**Recorded data**
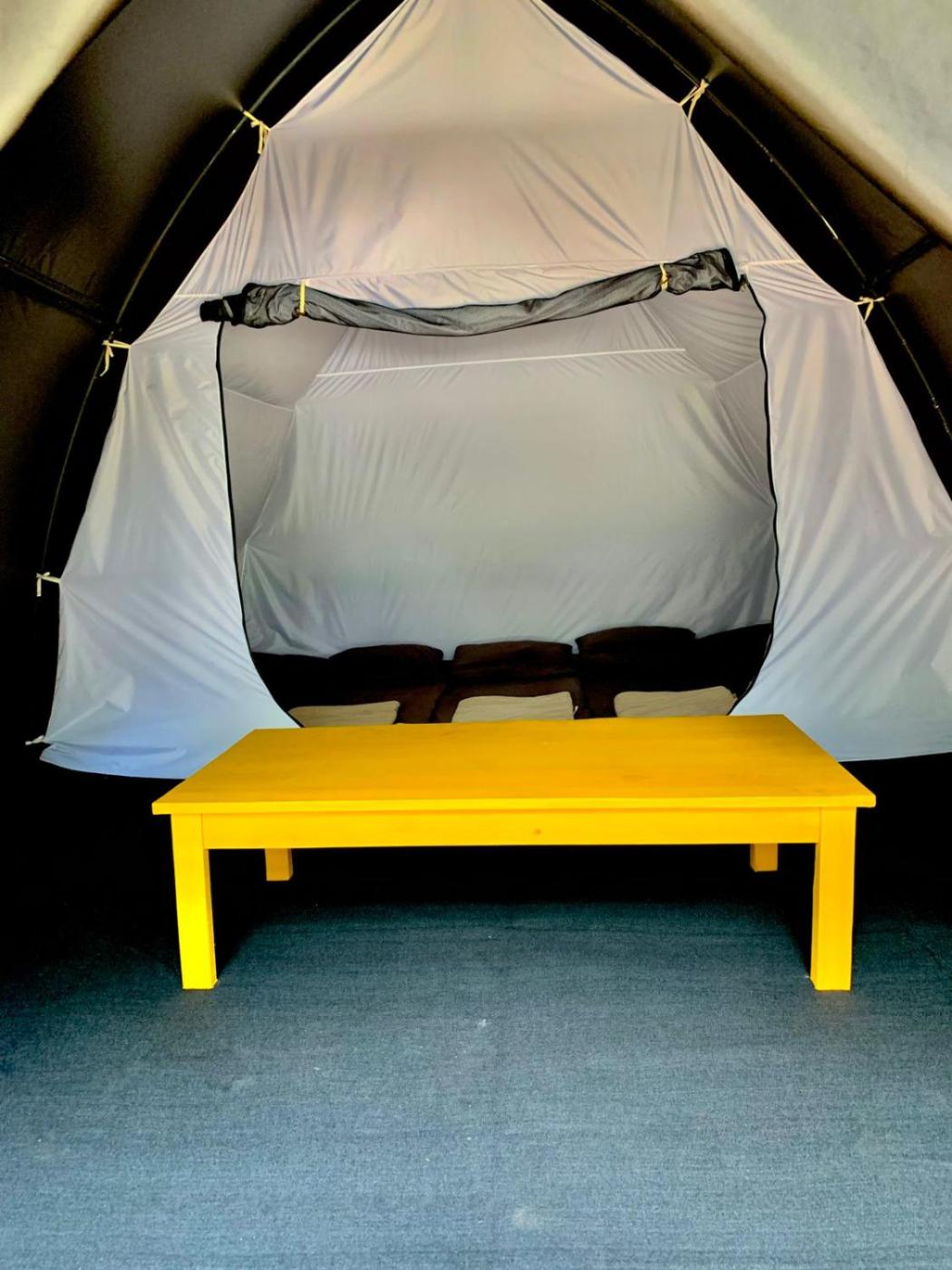 Tent. The fireplace is the standout feature of this tent. This tent has a seating area, a terrace, garden views and a shared bathroom. The unit has 2 beds. ;
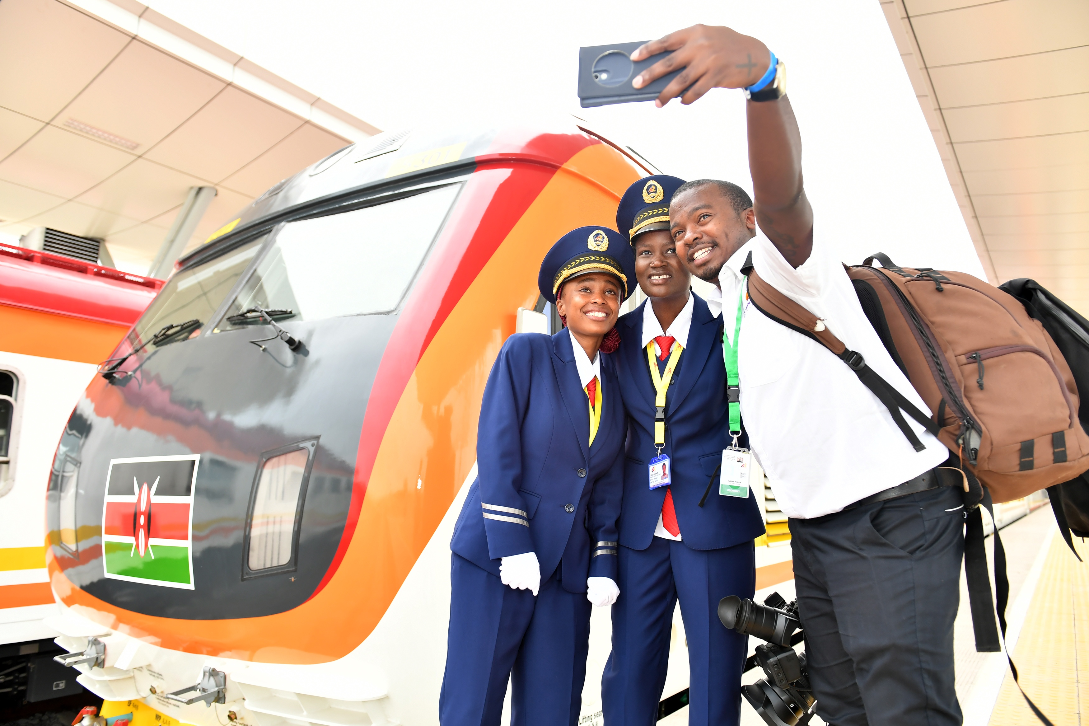 2017年5月31日,由中国企业承建的肯尼亚蒙内铁路正式建成通车。在蒙内铁路蒙巴萨西站,一名肯尼亚记者和火车司机康西莉亚(中)、艾丽斯合影留念。新华社记者孙瑞博摄
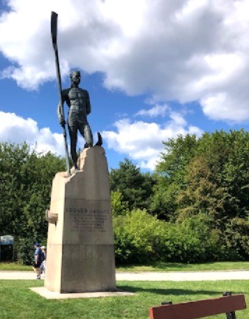 Upon leaving the ferry, the traveller passes by the retired tug boat “Ned Hanlan” and a statue of its namesake. Ned Hanlan grew up on the islands and was a world-champion rower so is honoured with this statue.
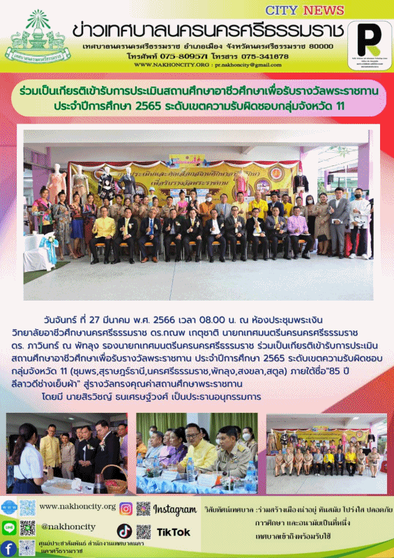 | วันจันทร์ ที่ 27 มีนาคม พ.ศ. 2566 เวลา 08.00 น. ณ ห้องประชุมพระเงิน วิทยาลัยอาชีวศึกษานครศรีธรรมราช ดร.กณพ เกตุชาติ นายกเทศมนตรีนครนครศรีธรรมราช พร้อมด้วย ดร. ภาวินทร์ ณ พัทลุง รองนายกเทศมนตรีนครนครศรีธรรมราช ร่วมเป็นเกียรติเข้ารับการประเมินสถานศึกษาอาชีวศึกษาเพื่อรับรางวัลพระราชทาน ประจำปีการศึกษา 2565 ระดับเขตความรับผิดชอบกลุ่มจังหวัด 11 (ชุมพร,สุราษฎร์ธานี,นครศรีธรรมราช,พัทลุง,สงขลา,สตูล) ภายใต้ชื่อ “ 85 ปี ลีลาวดีช่างเย็บผ้า สู่รางวัลทรงคุณค่าสถานศึกษาพระราชทาน ” โดยมี นายสิรวิชญ์ ธนเศรษฐ์วงศ์ เป็นประธานอนุกรรมการ .................. ภาพ//ข่าว//จันทร์จิรา ตรวจทาน//ฐิตินันท์ |

**Instructions to follow**
All of the material must be repeated exactly in the answer, apart from the pictures.

**Solved problem**
 Tent. The fireplace is the standout feature of this tent. This tent has a seating area, a terrace, garden views and a shared bathroom. The unit has 2 beds. ;
 2017年5月31日,由中国企业承建的肯尼亚蒙内铁路正式建成通车。在蒙内铁路蒙巴萨西站,一名肯尼亚记者和火车司机康西莉亚(中)、艾丽斯合影留念。新华社记者孙瑞博摄
 Upon leaving the ferry, the traveller passes by the retired tug boat “Ned Hanlan” and a statue of its namesake. Ned Hanlan grew up on the islands and was a world-champion rower so is honoured with this statue.
 | วันจันทร์ ที่ 27 มีนาคม พ.ศ. 2566 เวลา 08.00 น. ณ ห้องประชุมพระเงิน วิทยาลัยอาชีวศึกษานครศรีธรรมราช ดร.กณพ เกตุชาติ นายกเทศมนตรีนครนครศรีธรรมราช พร้อมด้วย ดร. ภาวินทร์ ณ พัทลุง รองนายกเทศมนตรีนครนครศรีธรรมราช ร่วมเป็นเกียรติเข้ารับการประเมินสถานศึกษาอาชีวศึกษาเพื่อรับรางวัลพระราชทาน ประจำปีการศึกษา 2565 ระดับเขตความรับผิดชอบกลุ่มจังหวัด 11 (ชุมพร,สุราษฎร์ธานี,นครศรีธรรมราช,พัทลุง,สงขลา,สตูล) ภายใต้ชื่อ “ 85 ปี ลีลาวดีช่างเย็บผ้า สู่รางวัลทรงคุณค่าสถานศึกษาพระราชทาน ” โดยมี นายสิรวิชญ์ ธนเศรษฐ์วงศ์ เป็นประธานอนุกรรมการ .................. ภาพ//ข่าว//จันทร์จิรา ตรวจทาน//ฐิตินันท์ |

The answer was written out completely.